◆ Problem description: Give again, word for word, the lines below that run from the line with "Несколько лет назад" through the line with "С 1 января 2026". Drop the pictures.

◆ Recorded data:
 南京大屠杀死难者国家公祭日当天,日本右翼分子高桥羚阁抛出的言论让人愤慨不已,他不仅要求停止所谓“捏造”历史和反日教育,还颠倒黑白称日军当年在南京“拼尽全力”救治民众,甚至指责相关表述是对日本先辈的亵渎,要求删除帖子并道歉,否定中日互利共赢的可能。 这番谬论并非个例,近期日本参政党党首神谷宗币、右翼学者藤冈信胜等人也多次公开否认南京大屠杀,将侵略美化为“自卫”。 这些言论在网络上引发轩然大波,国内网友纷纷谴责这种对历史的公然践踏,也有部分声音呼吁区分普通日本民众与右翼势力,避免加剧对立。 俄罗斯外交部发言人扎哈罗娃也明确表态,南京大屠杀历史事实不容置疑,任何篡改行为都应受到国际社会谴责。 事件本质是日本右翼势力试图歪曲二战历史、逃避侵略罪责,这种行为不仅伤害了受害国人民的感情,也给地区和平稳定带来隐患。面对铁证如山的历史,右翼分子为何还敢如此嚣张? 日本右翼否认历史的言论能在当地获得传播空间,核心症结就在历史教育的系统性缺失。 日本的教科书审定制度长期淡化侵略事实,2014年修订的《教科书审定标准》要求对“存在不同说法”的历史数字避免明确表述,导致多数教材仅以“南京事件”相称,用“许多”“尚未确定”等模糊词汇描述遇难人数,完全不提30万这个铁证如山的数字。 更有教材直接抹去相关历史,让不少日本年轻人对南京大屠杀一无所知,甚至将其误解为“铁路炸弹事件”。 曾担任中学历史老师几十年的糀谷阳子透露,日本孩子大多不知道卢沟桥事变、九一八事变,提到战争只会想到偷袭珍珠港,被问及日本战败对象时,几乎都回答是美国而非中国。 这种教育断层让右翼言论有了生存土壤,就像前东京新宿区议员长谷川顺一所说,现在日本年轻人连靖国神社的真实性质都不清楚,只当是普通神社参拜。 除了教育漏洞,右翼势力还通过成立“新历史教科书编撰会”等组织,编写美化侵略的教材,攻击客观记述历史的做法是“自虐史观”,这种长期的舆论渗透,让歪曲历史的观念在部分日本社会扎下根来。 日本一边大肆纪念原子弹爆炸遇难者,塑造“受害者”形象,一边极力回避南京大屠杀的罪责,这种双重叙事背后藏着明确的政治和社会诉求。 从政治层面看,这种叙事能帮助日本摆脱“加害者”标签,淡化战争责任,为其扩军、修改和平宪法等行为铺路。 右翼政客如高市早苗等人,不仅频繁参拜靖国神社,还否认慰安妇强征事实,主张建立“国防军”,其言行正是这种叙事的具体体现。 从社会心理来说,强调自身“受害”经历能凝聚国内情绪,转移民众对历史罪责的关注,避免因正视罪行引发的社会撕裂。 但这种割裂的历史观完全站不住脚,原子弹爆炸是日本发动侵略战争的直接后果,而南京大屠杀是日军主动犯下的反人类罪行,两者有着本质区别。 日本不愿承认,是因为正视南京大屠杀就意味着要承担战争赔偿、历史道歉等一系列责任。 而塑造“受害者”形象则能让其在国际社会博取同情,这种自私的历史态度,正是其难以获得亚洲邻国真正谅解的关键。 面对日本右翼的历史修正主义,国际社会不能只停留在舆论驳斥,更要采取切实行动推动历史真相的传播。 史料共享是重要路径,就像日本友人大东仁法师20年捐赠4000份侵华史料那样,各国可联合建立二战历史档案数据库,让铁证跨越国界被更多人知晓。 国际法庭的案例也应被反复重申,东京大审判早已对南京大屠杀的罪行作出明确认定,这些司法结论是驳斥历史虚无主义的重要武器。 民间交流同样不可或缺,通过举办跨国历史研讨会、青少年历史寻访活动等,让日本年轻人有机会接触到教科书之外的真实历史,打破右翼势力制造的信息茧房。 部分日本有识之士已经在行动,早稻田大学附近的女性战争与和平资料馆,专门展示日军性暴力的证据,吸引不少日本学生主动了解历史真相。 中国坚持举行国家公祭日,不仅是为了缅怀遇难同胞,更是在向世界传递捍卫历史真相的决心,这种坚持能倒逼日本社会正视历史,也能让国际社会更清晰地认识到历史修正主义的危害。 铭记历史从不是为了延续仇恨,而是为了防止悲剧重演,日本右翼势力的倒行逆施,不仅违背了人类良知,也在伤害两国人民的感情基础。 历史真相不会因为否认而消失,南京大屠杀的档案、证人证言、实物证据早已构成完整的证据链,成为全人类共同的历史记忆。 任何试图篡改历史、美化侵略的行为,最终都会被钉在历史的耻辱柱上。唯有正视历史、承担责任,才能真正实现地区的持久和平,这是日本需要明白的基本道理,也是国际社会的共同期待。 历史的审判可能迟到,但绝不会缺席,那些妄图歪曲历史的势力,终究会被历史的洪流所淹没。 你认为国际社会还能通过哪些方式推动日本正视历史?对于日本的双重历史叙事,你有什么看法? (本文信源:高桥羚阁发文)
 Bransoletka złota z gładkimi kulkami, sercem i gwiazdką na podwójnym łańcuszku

...

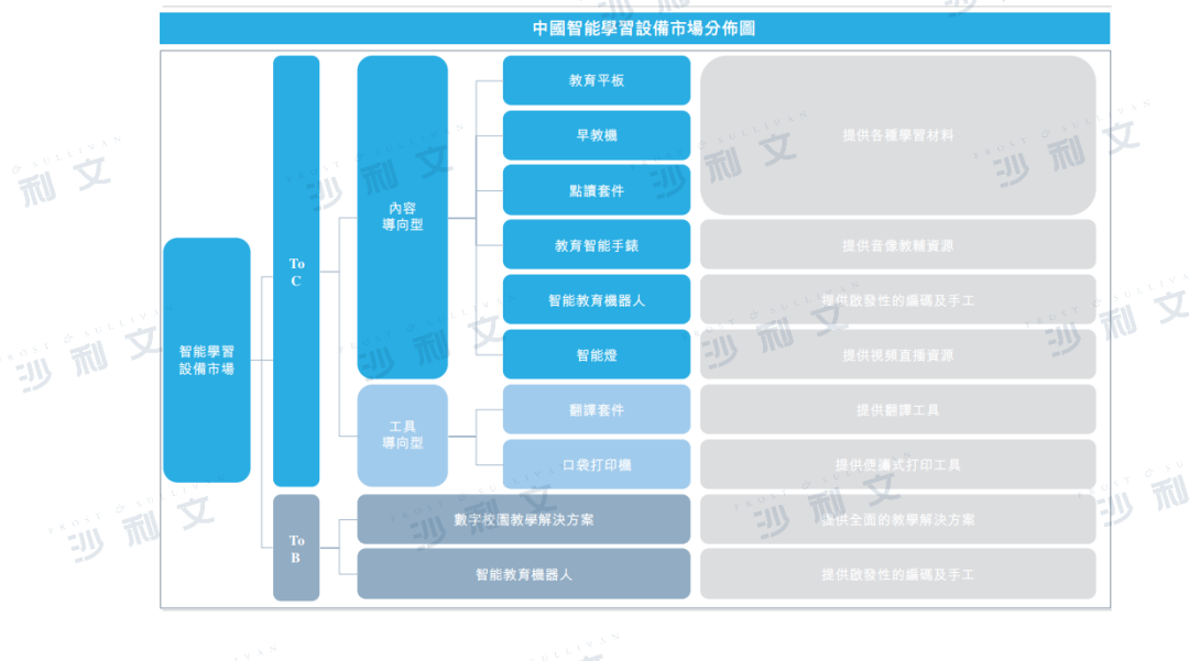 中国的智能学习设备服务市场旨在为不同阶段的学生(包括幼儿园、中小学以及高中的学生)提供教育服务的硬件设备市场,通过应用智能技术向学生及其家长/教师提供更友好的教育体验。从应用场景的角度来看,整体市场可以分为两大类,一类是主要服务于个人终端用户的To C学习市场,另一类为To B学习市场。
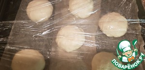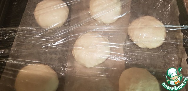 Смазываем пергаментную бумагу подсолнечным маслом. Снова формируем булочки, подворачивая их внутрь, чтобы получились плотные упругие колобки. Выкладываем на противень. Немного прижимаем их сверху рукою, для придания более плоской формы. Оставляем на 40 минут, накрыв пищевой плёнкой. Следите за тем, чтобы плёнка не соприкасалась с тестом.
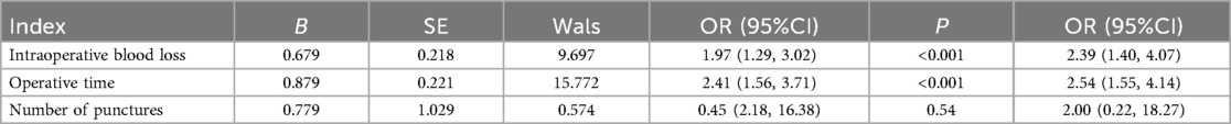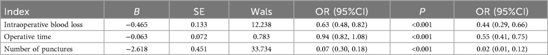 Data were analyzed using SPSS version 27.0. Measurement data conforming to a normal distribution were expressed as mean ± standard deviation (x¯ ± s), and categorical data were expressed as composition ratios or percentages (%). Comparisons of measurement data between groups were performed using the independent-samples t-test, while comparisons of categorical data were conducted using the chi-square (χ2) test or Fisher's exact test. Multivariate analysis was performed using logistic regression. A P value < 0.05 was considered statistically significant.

--

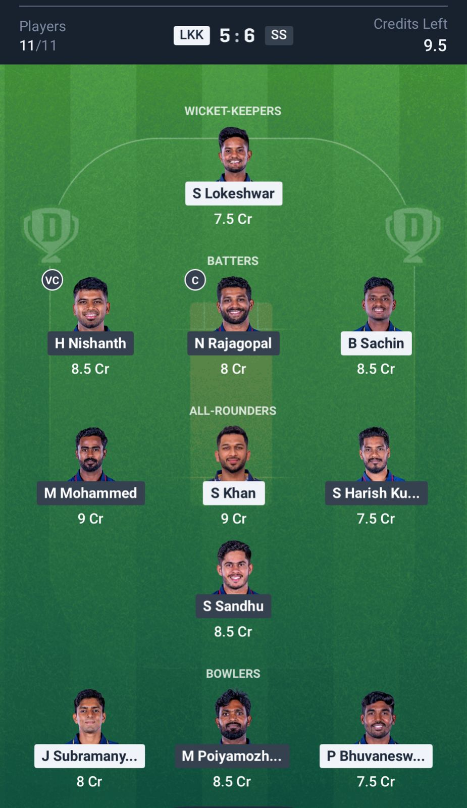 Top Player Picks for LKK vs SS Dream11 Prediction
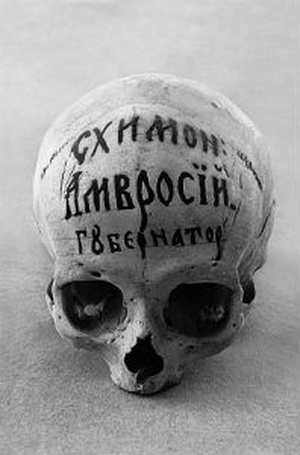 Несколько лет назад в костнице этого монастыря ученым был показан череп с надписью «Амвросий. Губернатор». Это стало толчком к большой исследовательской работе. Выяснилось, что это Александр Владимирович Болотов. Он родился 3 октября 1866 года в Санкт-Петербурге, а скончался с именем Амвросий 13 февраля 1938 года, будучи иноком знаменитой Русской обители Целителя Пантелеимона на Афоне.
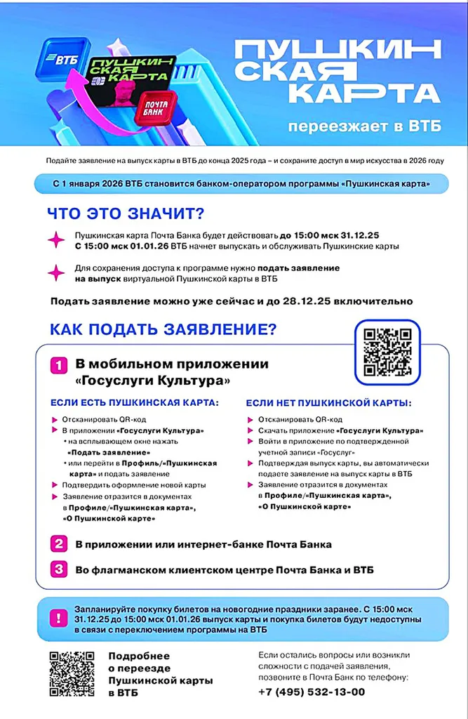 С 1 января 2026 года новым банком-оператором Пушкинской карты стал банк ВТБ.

◆ Answer to the problem:
 Несколько лет назад в костнице этого монастыря ученым был показан череп с надписью «Амвросий. Губернатор». Это стало толчком к большой исследовательской работе. Выяснилось, что это Александр Владимирович Болотов. Он родился 3 октября 1866 года в Санкт-Петербурге, а скончался с именем Амвросий 13 февраля 1938 года, будучи иноком знаменитой Русской обители Целителя Пантелеимона на Афоне.
 С 1 января 2026 года новым банком-оператором Пушкинской карты стал банк ВТБ.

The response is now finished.